Если его духовное отношение и оценка женщин в своем развитии настолько точно следовали основной линии его эволюции, то в этом можно усмотреть столь же причину, сколь и следствие того, что образ женщины не был для него абстрагирован из эмпирических случайностей, но был сверхиндивидуален и вырастал из последних сущностных корней его природы. Но поскольку это касается лишь типа, идеи «женщина», то отнюдь еще не значит, что это можно установить и проследить для всех его единичных реальных переживаний в связи с женщинами, ибо переживания эти, как мне кажется, гораздо менее исходили из этого духовно-априорного отношения к женскому принципу вообще, чем просто-напросто из его чисто эротического темперамента. Правда, они подчас настолько действительно вырастали из этого темперамента, что это многим казалось едва ли совместимым как раз с духовностью его жизни.
А именно: мне не раз приходилось от лиц духовно высоко организованных и очень далеких от банальной чопорности слышать сожаления о той роли, которую эротический элемент сыграл в жизни Гете. Не в смысле моральных сомнений, но лишь в том, будто этим нарушалось равновесие его жизни, такой, какой она должна была бы определяться своей центральной идеей благодаря излишней эротической заинтересованности и эротическим переживаниям.
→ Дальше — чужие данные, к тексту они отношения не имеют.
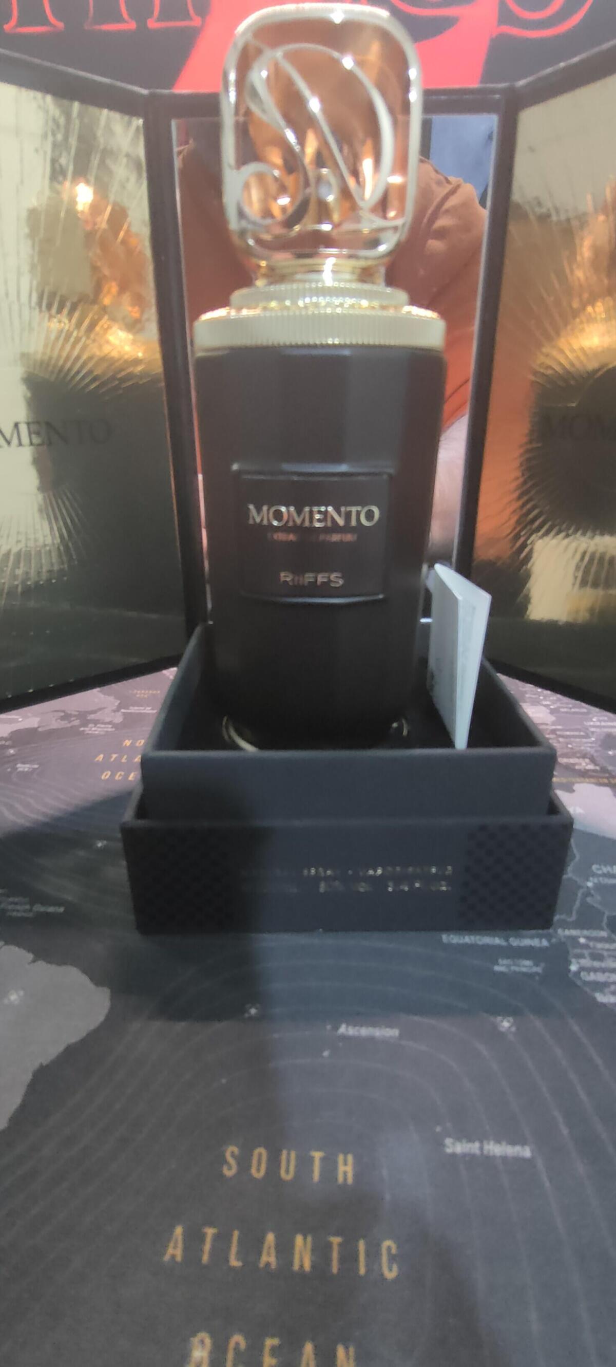 Momento podle Riiffs Perfumes je Woody Spicy vůně pro ženy a muže. Toto je nová vůně. Momento byl/a uveden/a v roce 2025. Vrchní tóny jsou Cukr, Šafrán a Mandarinka; střední tóny jsouFazole tonka, Damašská růže a Agarové dřevo (oud) ; základní tóny jsou Karamel, Jantarové dřevo a Cedr.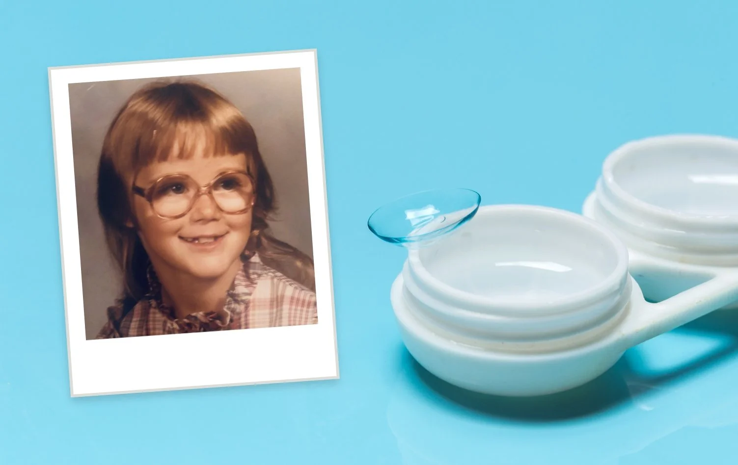 Turns out I have something called “lens adherence syndrome”. After 33 years of wearing rigid gas permeable (aka hard) contact lens, my left eye has rebelled like a toddler at bedtime. At first, I was terrified. I imagined reverting back to wearing my Coke-bottle glasses, because this is what I looked like when I did:

Нельзя отрицать, что в такого рода замечаниях сказывается инстинкт ощущения опасности, которая угрожает со стороны эротических сил всякой в высоком смысле целостной и продуктивной жизни. Ибо либо стремления и осуществления этой области вплетаются в интимное течение всей этой жизни - и тогда последняя претерпевает почти неминуемо беспорядки, отклонения, депрессии; а именно: главным образом вследствие глубоко внутренней формальной противоположности: любовь есть непрерывный процесс, пульсирующая динамика жизни, вовлечение в неустанное течение сохранения вида - в то время как духовное бытие покоится на вневременном, в том или ином смысле этого слова, на содержаниях жиз
ненного процесса, а не самом процессе. Либо - из всех остальных жизненных областей дифференцируется эротическая и выделяется в особую сферу, переходя в которую, мы делаемся «другим человеком». Таким путем, правда, устраняются все эти задержки и искажения, но жизненная тотальность осуждена на жестокий дуализм, взаимный обмен всех сил, составляющий их единство, прерван и по крайней мере стерилизован.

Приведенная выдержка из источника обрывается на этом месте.